Exercise prompt.
The lines below, from the one holding "В центре внимания" through the one holding "(WOMEN) 【着用アイテム】467R6701 レーヨンリネンストレッチパンツ", are to be restated word for word, with all images left out.

Information given.
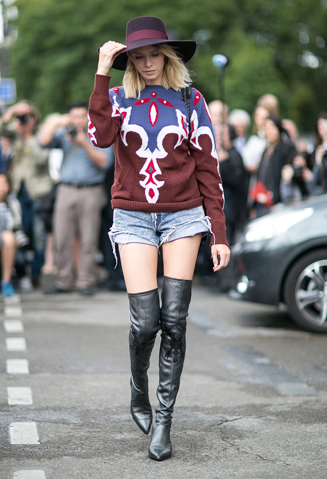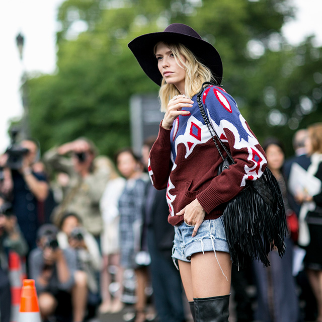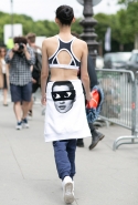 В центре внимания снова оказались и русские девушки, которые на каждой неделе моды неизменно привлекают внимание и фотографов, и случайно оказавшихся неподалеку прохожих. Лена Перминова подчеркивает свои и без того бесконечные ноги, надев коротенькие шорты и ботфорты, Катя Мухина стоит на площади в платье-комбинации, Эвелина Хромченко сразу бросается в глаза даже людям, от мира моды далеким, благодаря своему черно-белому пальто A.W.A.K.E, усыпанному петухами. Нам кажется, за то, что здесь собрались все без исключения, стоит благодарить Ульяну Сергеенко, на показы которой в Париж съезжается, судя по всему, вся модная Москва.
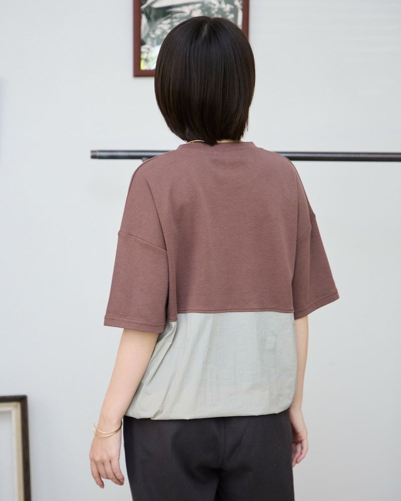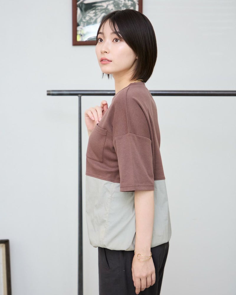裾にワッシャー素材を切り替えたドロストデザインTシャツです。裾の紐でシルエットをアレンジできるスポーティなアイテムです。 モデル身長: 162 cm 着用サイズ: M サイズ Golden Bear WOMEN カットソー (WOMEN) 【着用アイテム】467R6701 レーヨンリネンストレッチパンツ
---
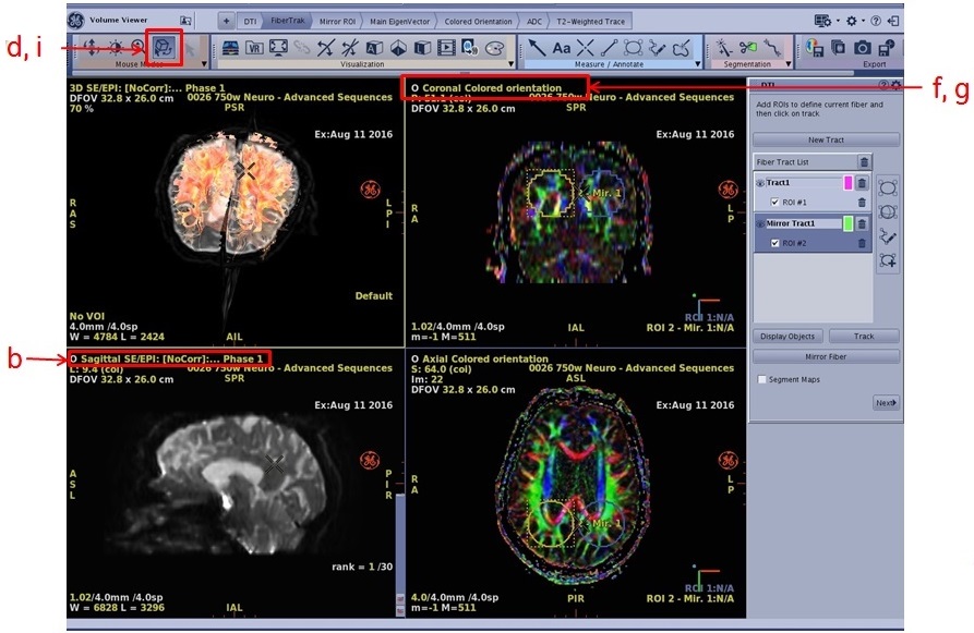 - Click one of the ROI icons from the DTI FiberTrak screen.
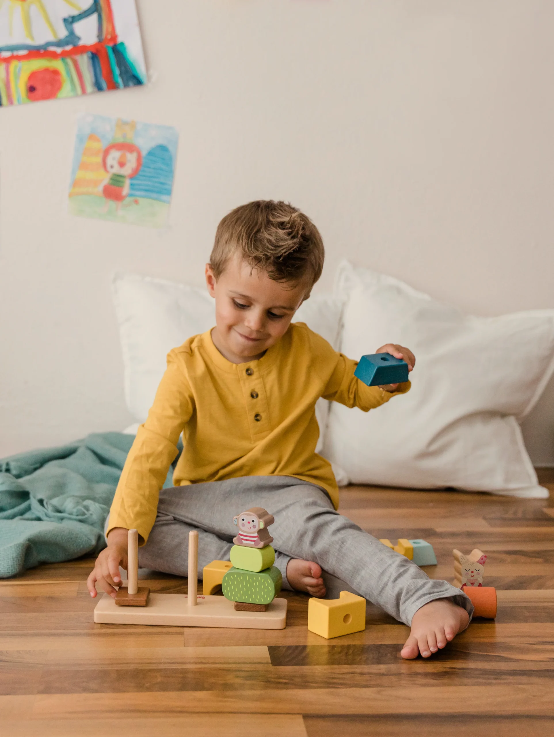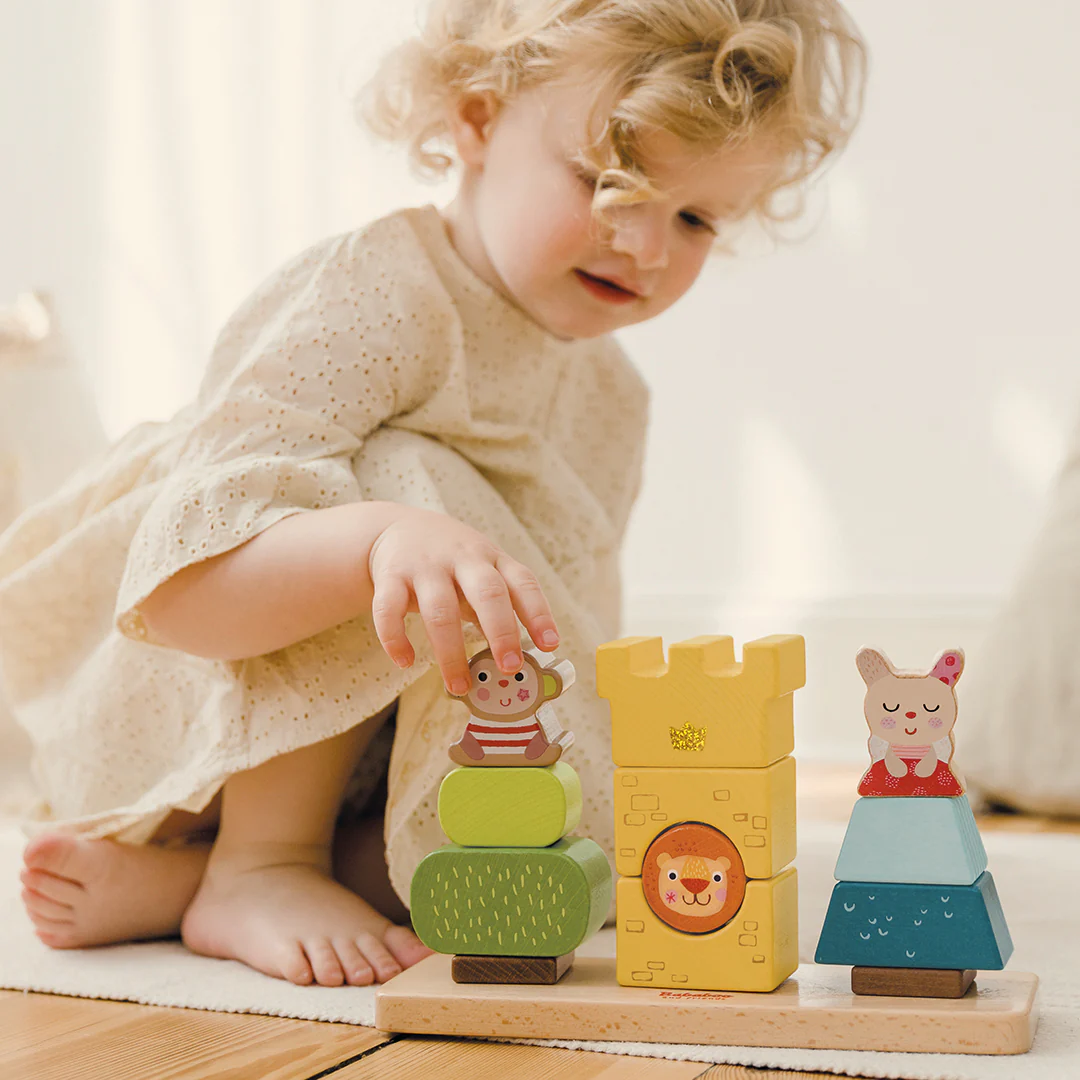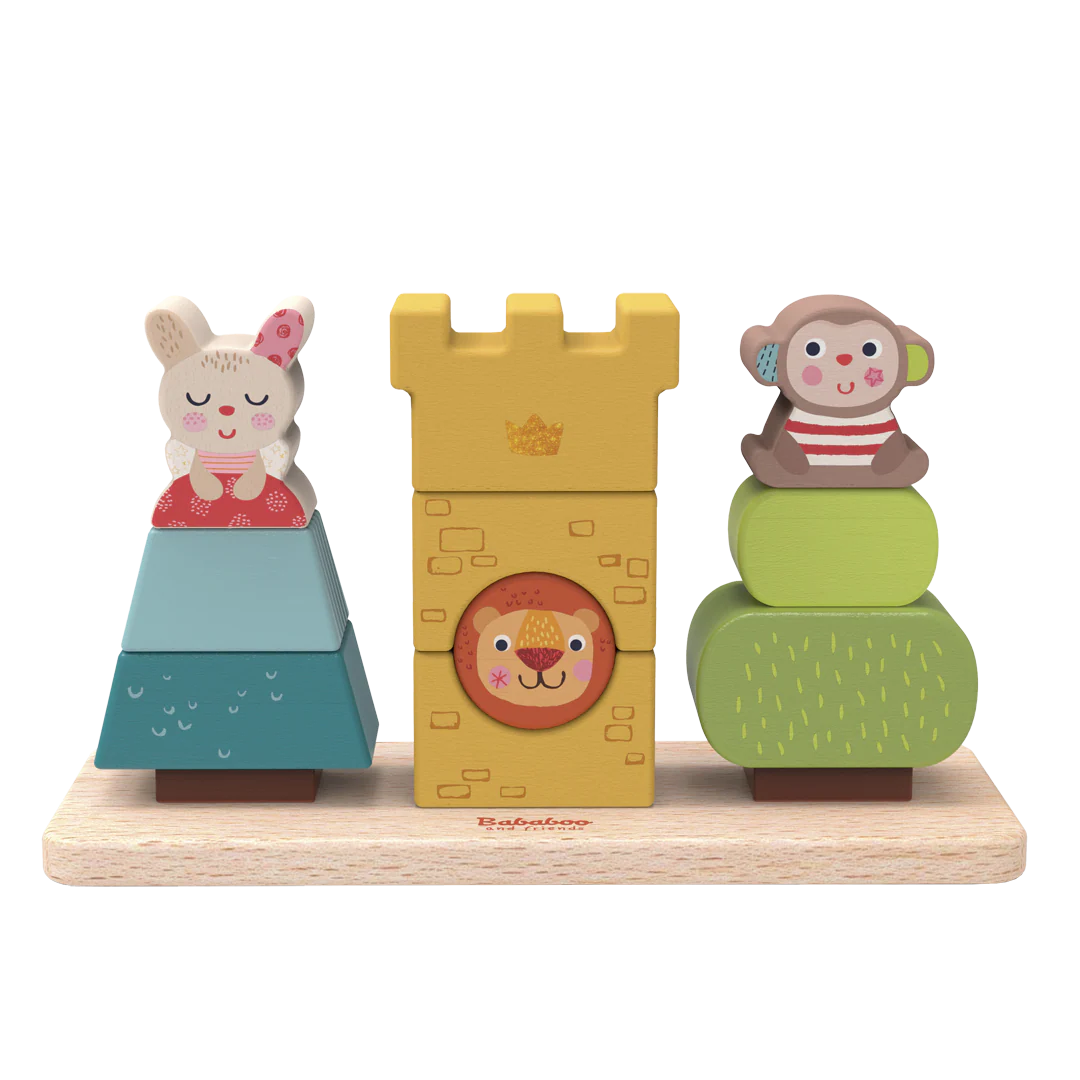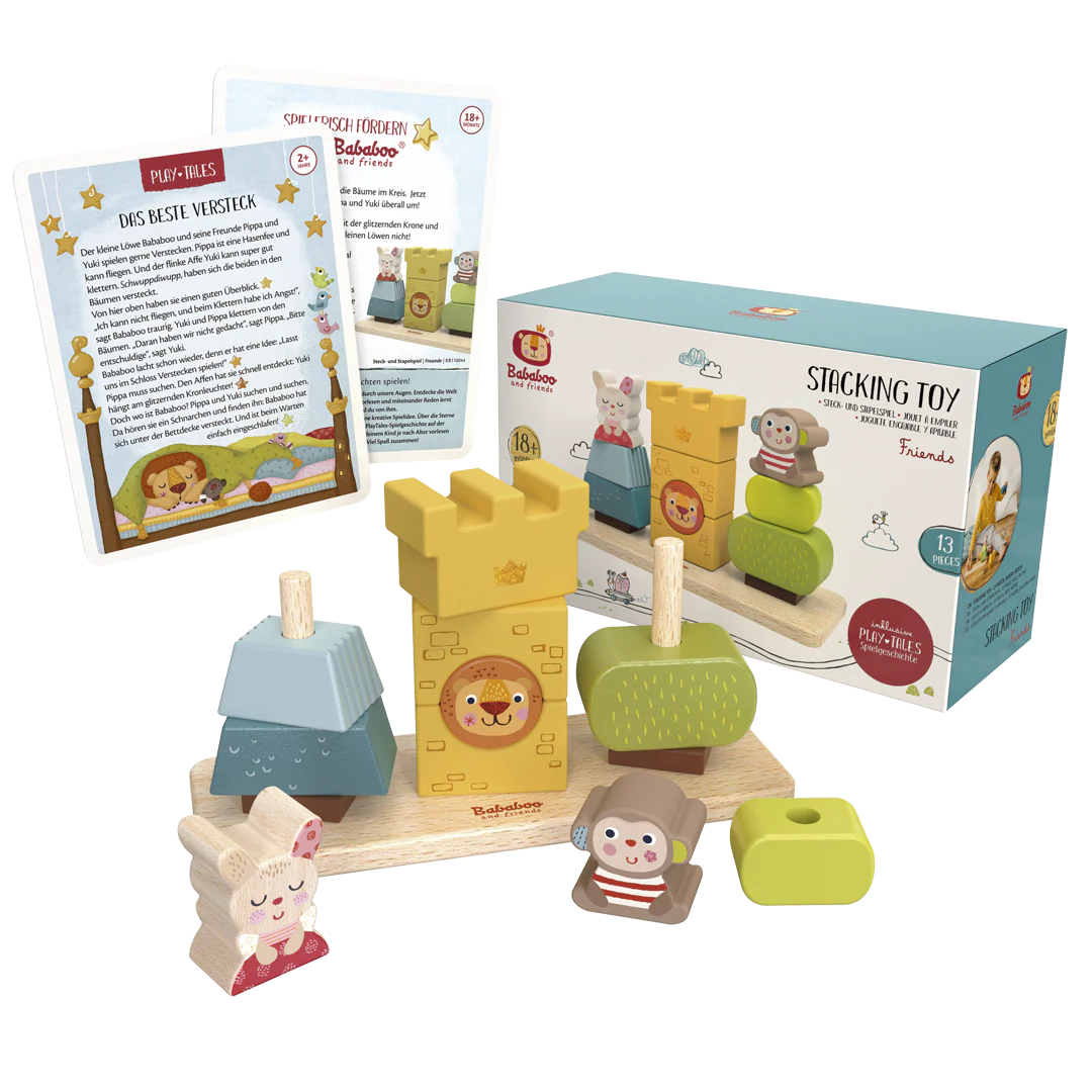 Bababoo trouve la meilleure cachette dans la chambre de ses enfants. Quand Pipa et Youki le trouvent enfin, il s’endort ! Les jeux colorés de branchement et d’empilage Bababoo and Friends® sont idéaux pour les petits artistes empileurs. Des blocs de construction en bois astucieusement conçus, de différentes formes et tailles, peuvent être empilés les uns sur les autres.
==
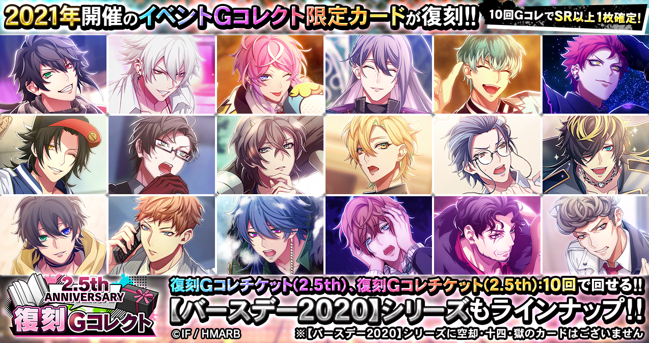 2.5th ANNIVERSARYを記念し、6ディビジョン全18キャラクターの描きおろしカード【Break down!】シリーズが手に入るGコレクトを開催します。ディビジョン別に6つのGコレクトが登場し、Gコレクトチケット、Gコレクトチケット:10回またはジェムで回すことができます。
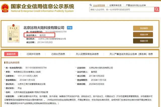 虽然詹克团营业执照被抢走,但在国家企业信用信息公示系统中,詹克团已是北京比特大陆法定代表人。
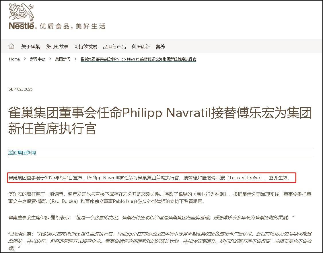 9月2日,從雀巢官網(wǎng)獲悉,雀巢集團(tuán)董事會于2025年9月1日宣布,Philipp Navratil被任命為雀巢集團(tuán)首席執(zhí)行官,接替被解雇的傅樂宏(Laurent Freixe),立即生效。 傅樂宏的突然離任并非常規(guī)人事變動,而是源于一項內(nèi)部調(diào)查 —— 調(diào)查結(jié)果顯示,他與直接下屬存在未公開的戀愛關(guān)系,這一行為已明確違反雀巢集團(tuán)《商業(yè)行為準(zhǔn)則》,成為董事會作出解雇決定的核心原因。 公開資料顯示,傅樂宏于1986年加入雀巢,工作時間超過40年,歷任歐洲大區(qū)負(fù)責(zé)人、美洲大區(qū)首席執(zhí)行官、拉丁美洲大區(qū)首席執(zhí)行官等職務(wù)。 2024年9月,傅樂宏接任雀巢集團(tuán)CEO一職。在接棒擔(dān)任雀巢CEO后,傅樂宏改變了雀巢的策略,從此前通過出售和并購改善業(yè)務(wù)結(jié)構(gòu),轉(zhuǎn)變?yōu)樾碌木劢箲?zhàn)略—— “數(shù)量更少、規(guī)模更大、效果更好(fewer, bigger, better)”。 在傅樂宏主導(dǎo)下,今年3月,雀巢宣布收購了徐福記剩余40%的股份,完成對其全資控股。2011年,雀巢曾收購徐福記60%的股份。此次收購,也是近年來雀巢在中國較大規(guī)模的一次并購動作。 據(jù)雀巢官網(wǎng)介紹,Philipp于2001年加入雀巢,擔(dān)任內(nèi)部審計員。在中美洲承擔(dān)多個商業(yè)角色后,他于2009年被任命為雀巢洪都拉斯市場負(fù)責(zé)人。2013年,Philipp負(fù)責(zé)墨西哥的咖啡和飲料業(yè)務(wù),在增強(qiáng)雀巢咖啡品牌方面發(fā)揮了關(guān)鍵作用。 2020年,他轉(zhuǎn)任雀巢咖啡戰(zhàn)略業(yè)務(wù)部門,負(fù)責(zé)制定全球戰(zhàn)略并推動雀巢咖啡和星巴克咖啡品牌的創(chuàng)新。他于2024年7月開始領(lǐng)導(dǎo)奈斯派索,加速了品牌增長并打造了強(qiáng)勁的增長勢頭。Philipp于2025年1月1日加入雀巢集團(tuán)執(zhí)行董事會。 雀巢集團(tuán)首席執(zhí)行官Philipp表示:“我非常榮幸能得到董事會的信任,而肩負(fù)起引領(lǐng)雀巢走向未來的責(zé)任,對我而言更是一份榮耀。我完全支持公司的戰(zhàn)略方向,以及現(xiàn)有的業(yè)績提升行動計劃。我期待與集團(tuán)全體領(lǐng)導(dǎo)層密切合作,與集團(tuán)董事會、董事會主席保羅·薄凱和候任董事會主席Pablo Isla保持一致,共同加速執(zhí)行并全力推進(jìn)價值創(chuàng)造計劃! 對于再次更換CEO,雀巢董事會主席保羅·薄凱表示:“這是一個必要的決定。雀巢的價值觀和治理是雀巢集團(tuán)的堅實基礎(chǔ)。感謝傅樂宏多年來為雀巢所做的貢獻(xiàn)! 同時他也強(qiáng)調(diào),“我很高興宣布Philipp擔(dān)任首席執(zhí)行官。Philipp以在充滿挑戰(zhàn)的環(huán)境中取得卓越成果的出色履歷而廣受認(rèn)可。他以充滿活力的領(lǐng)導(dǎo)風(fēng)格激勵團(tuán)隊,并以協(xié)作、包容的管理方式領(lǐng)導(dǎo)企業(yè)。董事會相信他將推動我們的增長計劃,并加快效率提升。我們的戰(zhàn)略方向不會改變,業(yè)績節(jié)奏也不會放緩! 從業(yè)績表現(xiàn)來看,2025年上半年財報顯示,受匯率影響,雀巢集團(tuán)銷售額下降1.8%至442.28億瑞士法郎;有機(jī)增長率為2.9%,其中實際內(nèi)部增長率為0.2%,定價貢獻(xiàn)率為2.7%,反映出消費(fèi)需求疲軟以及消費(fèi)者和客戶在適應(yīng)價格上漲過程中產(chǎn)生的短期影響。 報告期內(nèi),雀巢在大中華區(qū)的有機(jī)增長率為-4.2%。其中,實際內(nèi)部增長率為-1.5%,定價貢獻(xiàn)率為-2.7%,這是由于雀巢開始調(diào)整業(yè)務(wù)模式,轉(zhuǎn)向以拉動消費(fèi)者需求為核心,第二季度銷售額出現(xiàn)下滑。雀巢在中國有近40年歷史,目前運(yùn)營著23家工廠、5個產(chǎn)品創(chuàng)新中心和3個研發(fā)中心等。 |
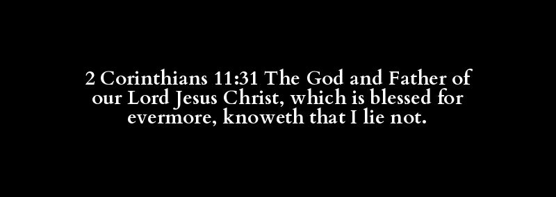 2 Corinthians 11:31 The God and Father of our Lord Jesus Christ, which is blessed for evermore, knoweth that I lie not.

The completed task.
 В центре внимания снова оказались и русские девушки, которые на каждой неделе моды неизменно привлекают внимание и фотографов, и случайно оказавшихся неподалеку прохожих. Лена Перминова подчеркивает свои и без того бесконечные ноги, надев коротенькие шорты и ботфорты, Катя Мухина стоит на площади в платье-комбинации, Эвелина Хромченко сразу бросается в глаза даже людям, от мира моды далеким, благодаря своему черно-белому пальто A.W.A.K.E, усыпанному петухами. Нам кажется, за то, что здесь собрались все без исключения, стоит благодарить Ульяну Сергеенко, на показы которой в Париж съезжается, судя по всему, вся модная Москва.
裾にワッシャー素材を切り替えたドロストデザインTシャツです。裾の紐でシルエットをアレンジできるスポーティなアイテムです。 モデル身長: 162 cm 着用サイズ: M サイズ Golden Bear WOMEN カットソー (WOMEN) 【着用アイテム】467R6701 レーヨンリネンストレッチパンツ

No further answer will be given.